From the first line to the last, restate the records word for word, skipping the pictures.

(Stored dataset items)
Segment Open

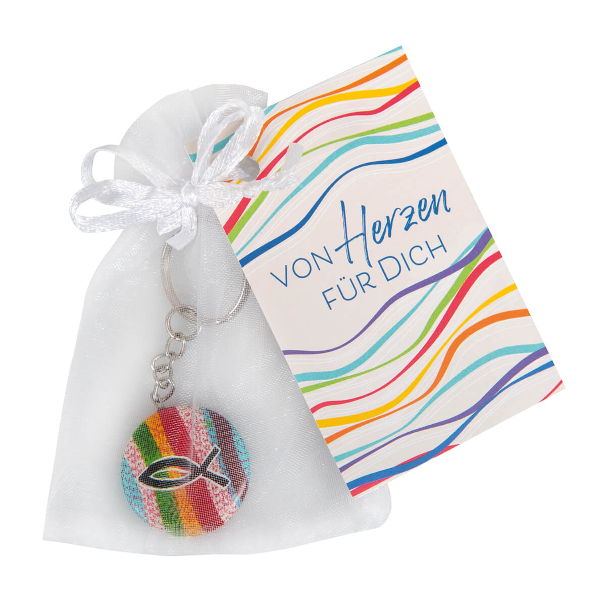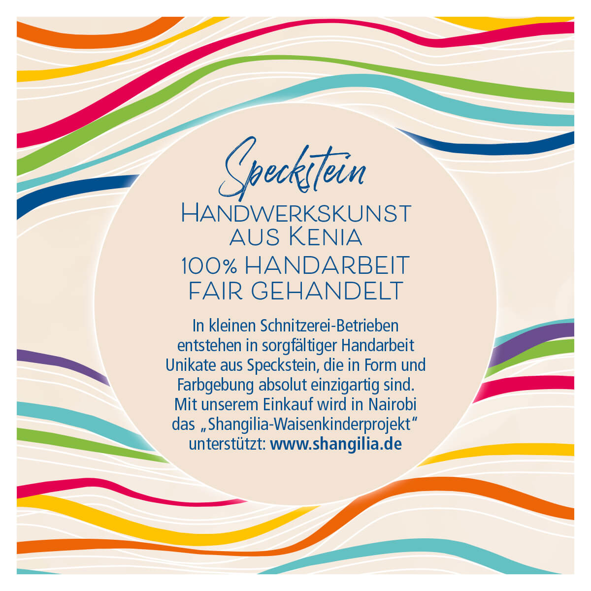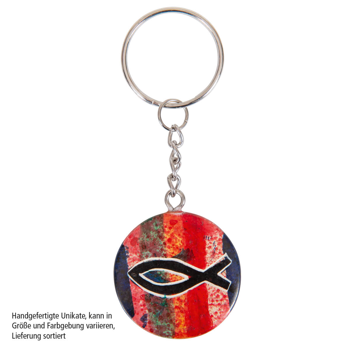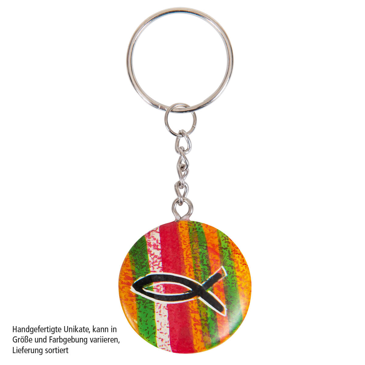 Handwerkskunst aus Kenia: Schlüsselanhänger mit rundem Anhänger aus Speckstein, schön bunt gestaltet mit Fisch-Symbol.
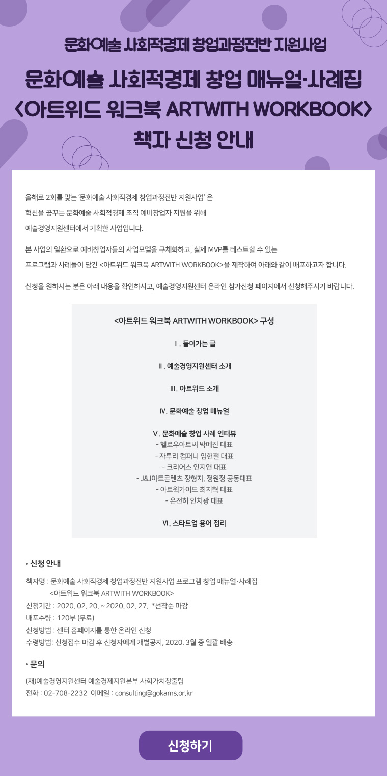 | 문화예술 사회적경제 창업 매뉴얼·사례집 <아트위드 워크북 ARTWITH WORKBOOK> 책자 신청 안내 | |||||
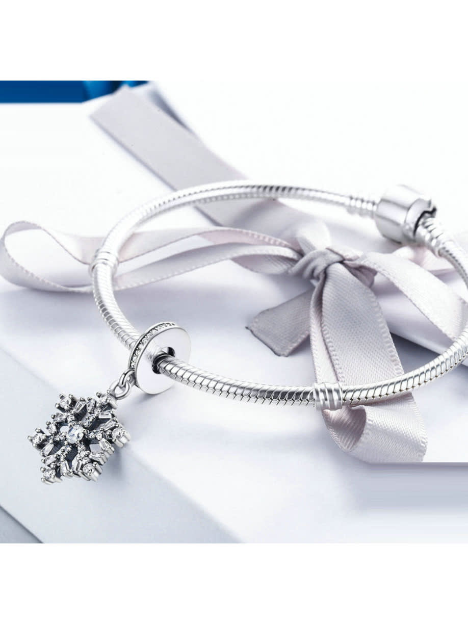 925 Silver Snowflake Charm perfect for the winter season. The charm has cubic zirconia stones.
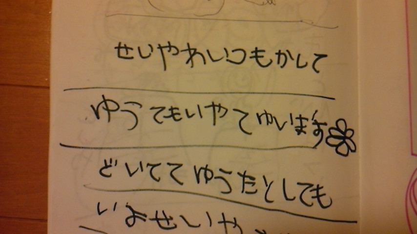 お姉ちゃん、5歳1ヶ月。 上手に字や絵をかくようになりました。 ひらがなを左から右へ上手に横書き。 ノートをのぞいてみると、「せいやわいつもかしてゆうてもいやてゆいます(セイヤはいつも“貸して”って言っても“イヤ”って言います)」と日記のよう。 そして、内容に大笑い! こんなふうに所々間違って書いていることもあるけど、文章が書けるようになったのは大きな成長です。 最近は漢字にも興味を持つようになり、「これ見て!」と見せられた紙には「目」「大」「人」の字が。 いつか見た字を覚えていたようです。 それからアンパンマンの顔も上手くなった! 黙々と机に向かっていることが多く、勉強熱心です。 長いお盆休みが終わり、また保育園の生活。 なかなかお盆休み気分が抜けず、朝スッキリ起きられないし、起きてもボーッとテレビ見ていたりで、準備をしないモカ。 またパパさんがいない生活になった寂しさもあってか、甘えたり、泣き出したりすることも。 気持ちはわかるけどね… 保育園のプールでは、顔を水の中につけたり、浮き棒を持って浮いたり泳いだりしてるそう。 もともと水が苦手なモカ。 特に顔に水がかかるのが嫌なので、ちゃんとできるのか心配してたけど、お友達もいるからがんばってやってるみたい。 家のお風呂でも、「顔つけるから数えて~」と。 最高10秒つけていました。 それを見ていたセイヤは真似して、口をお湯につけて…ん?飲んでないかい? 「出して!」と言ってみれば、案の定、口からダ~ッと吐き出すセイヤ。 セイヤには顔をつけて水を飲んでいるように見えたみたい。 そして、モカは髪の毛を洗う時も私の膝に寝転ぶのではなく、「上からシャワーをかけて~」と。 水を克服できたようなので、スイミング習ってもいいかもね。 プール最終日の昨日、スイミングを習っている年長さんがクロールを披露してくれたって言ってました。 家の小さいお風呂では泳げないので、リビングでセイヤとプールごっこをするモカ。 モカは先生。 「下向いて寝て!」とセイヤをうつぶせに寝かせて、両腕を引っ張って床の上を泳がせています(笑) セイヤは嫌がることなく、されるがまま。 セイヤの次は、ぬいぐるみたち。 おもしろい光景です。 他にもセイヤとごっこ遊びすることが多いです。 ぬいぐるみたちとセイヤをならばせて、モカはみんなの前で絵本を読み聞かせ。 ここでもモカは先生役。 「きょうりゅうとおばけのおうち」とか言って、お話をしています。 「絵本見える?もうちょっとこっち行こか。見える?」と気遣いながら。 洗い物をしながらそんな本ないけどなぁ…と思いつつ、こっそり様子をうかがうと、モカが手にしているのは「恐竜の図鑑」(笑) 図鑑をめくりながら自作のお話をセイヤたちに聞かせていました。 最近、食欲旺盛で大人の量くらい食べます。 ただ、やっぱり家では立ち歩いたり、遊んでしまうことが多くて、食事に時間がかかりすぎます。 メロン、梨、スイカ、ぶどう…セイヤと取り合いするほど大好き。 最近、プリキュアよりキョウリュウジャーが好きなモカ。 お盆休み中に買ったキョウリュウジャーのDVDは何回も再生して踊りを踊ってるし、パパさんが録画してくれたキョウリュウジャーも飽きずに何度も見てます。 ついには「キョウリュウジャーの服がほしい!」と。 私がパソコンでネットショッピングしていると、「キョウリュウジャーの服、買って~!」と。 「え?キョウリュウジャーの服?パジャマじゃなくて?そんなんあるの?」と聞けば、「“キョウリュウジャー 服”って調べたらいいやん!」とビックリ発言。 検索のやり方、知ってるん? 「ね、調べて!」って言うので、“キョウリュウジャー 服”と入力して検索。 見ていたサイトではやっぱり、どか~んとイラストがのったパジャマしかなく。 っていうか、キョウリュウジャーって男の子じゃない?? なのに、モカは「いいの!いいの!」と。 まぁ、そのうち冷めていくと思うけどね。
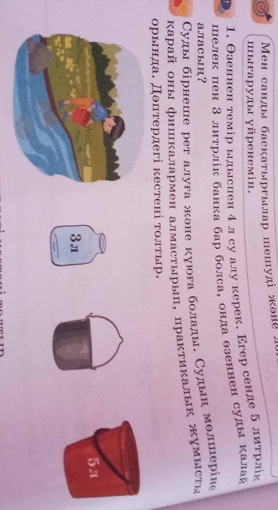 5литрлік шелекпен суды өзеннен аламыз,оны 3л.банкаға құямыз.Шелекте қалған 2литр суды темір ыдысқа құйып қоямыз.Тағыда 5литр су аламыз,манағы 3литрлік банкадағы суды төгіп тастаймыз да банкаға шелектегі судың 3литрін құямыз.Шелектегі қалған 2литр суды темір ыдысқа тағы құямыз сонда 4литр су болады.
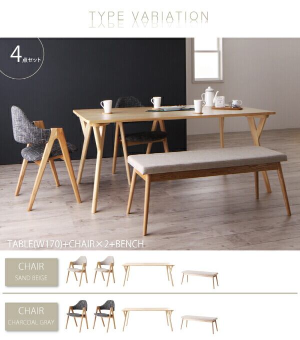 北欧デザインワイドダイニング 5点セット(テーブル+チェア4脚) W170

Segment Closed

- **RESPONSE AREA**:
 Handwerkskunst aus Kenia: Schlüsselanhänger mit rundem Anhänger aus Speckstein, schön bunt gestaltet mit Fisch-Symbol.
 | 문화예술 사회적경제 창업 매뉴얼·사례집 <아트위드 워크북 ARTWITH WORKBOOK> 책자 신청 안내 | |||||
 925 Silver Snowflake Charm perfect for the winter season. The charm has cubic zirconia stones.
 お姉ちゃん、5歳1ヶ月。 上手に字や絵をかくようになりました。 ひらがなを左から右へ上手に横書き。 ノートをのぞいてみると、「せいやわいつもかしてゆうてもいやてゆいます(セイヤはいつも“貸して”って言っても“イヤ”って言います)」と日記のよう。 そして、内容に大笑い! こんなふうに所々間違って書いていることもあるけど、文章が書けるようになったのは大きな成長です。 最近は漢字にも興味を持つようになり、「これ見て!」と見せられた紙には「目」「大」「人」の字が。 いつか見た字を覚えていたようです。 それからアンパンマンの顔も上手くなった! 黙々と机に向かっていることが多く、勉強熱心です。 長いお盆休みが終わり、また保育園の生活。 なかなかお盆休み気分が抜けず、朝スッキリ起きられないし、起きてもボーッとテレビ見ていたりで、準備をしないモカ。 またパパさんがいない生活になった寂しさもあってか、甘えたり、泣き出したりすることも。 気持ちはわかるけどね… 保育園のプールでは、顔を水の中につけたり、浮き棒を持って浮いたり泳いだりしてるそう。 もともと水が苦手なモカ。 特に顔に水がかかるのが嫌なので、ちゃんとできるのか心配してたけど、お友達もいるからがんばってやってるみたい。 家のお風呂でも、「顔つけるから数えて~」と。 最高10秒つけていました。 それを見ていたセイヤは真似して、口をお湯につけて…ん?飲んでないかい? 「出して!」と言ってみれば、案の定、口からダ~ッと吐き出すセイヤ。 セイヤには顔をつけて水を飲んでいるように見えたみたい。 そして、モカは髪の毛を洗う時も私の膝に寝転ぶのではなく、「上からシャワーをかけて~」と。 水を克服できたようなので、スイミング習ってもいいかもね。 プール最終日の昨日、スイミングを習っている年長さんがクロールを披露してくれたって言ってました。 家の小さいお風呂では泳げないので、リビングでセイヤとプールごっこをするモカ。 モカは先生。 「下向いて寝て!」とセイヤをうつぶせに寝かせて、両腕を引っ張って床の上を泳がせています(笑) セイヤは嫌がることなく、されるがまま。 セイヤの次は、ぬいぐるみたち。 おもしろい光景です。 他にもセイヤとごっこ遊びすることが多いです。 ぬいぐるみたちとセイヤをならばせて、モカはみんなの前で絵本を読み聞かせ。 ここでもモカは先生役。 「きょうりゅうとおばけのおうち」とか言って、お話をしています。 「絵本見える?もうちょっとこっち行こか。見える?」と気遣いながら。 洗い物をしながらそんな本ないけどなぁ…と思いつつ、こっそり様子をうかがうと、モカが手にしているのは「恐竜の図鑑」(笑) 図鑑をめくりながら自作のお話をセイヤたちに聞かせていました。 最近、食欲旺盛で大人の量くらい食べます。 ただ、やっぱり家では立ち歩いたり、遊んでしまうことが多くて、食事に時間がかかりすぎます。 メロン、梨、スイカ、ぶどう…セイヤと取り合いするほど大好き。 最近、プリキュアよりキョウリュウジャーが好きなモカ。 お盆休み中に買ったキョウリュウジャーのDVDは何回も再生して踊りを踊ってるし、パパさんが録画してくれたキョウリュウジャーも飽きずに何度も見てます。 ついには「キョウリュウジャーの服がほしい!」と。 私がパソコンでネットショッピングしていると、「キョウリュウジャーの服、買って~!」と。 「え?キョウリュウジャーの服?パジャマじゃなくて?そんなんあるの?」と聞けば、「“キョウリュウジャー 服”って調べたらいいやん!」とビックリ発言。 検索のやり方、知ってるん? 「ね、調べて!」って言うので、“キョウリュウジャー 服”と入力して検索。 見ていたサイトではやっぱり、どか~んとイラストがのったパジャマしかなく。 っていうか、キョウリュウジャーって男の子じゃない?? なのに、モカは「いいの!いいの!」と。 まぁ、そのうち冷めていくと思うけどね。
 5литрлік шелекпен суды өзеннен аламыз,оны 3л.банкаға құямыз.Шелекте қалған 2литр суды темір ыдысқа құйып қоямыз.Тағыда 5литр су аламыз,манағы 3литрлік банкадағы суды төгіп тастаймыз да банкаға шелектегі судың 3литрін құямыз.Шелектегі қалған 2литр суды темір ыдысқа тағы құямыз сонда 4литр су болады.
 北欧デザインワイドダイニング 5点セット(テーブル+チェア4脚) W170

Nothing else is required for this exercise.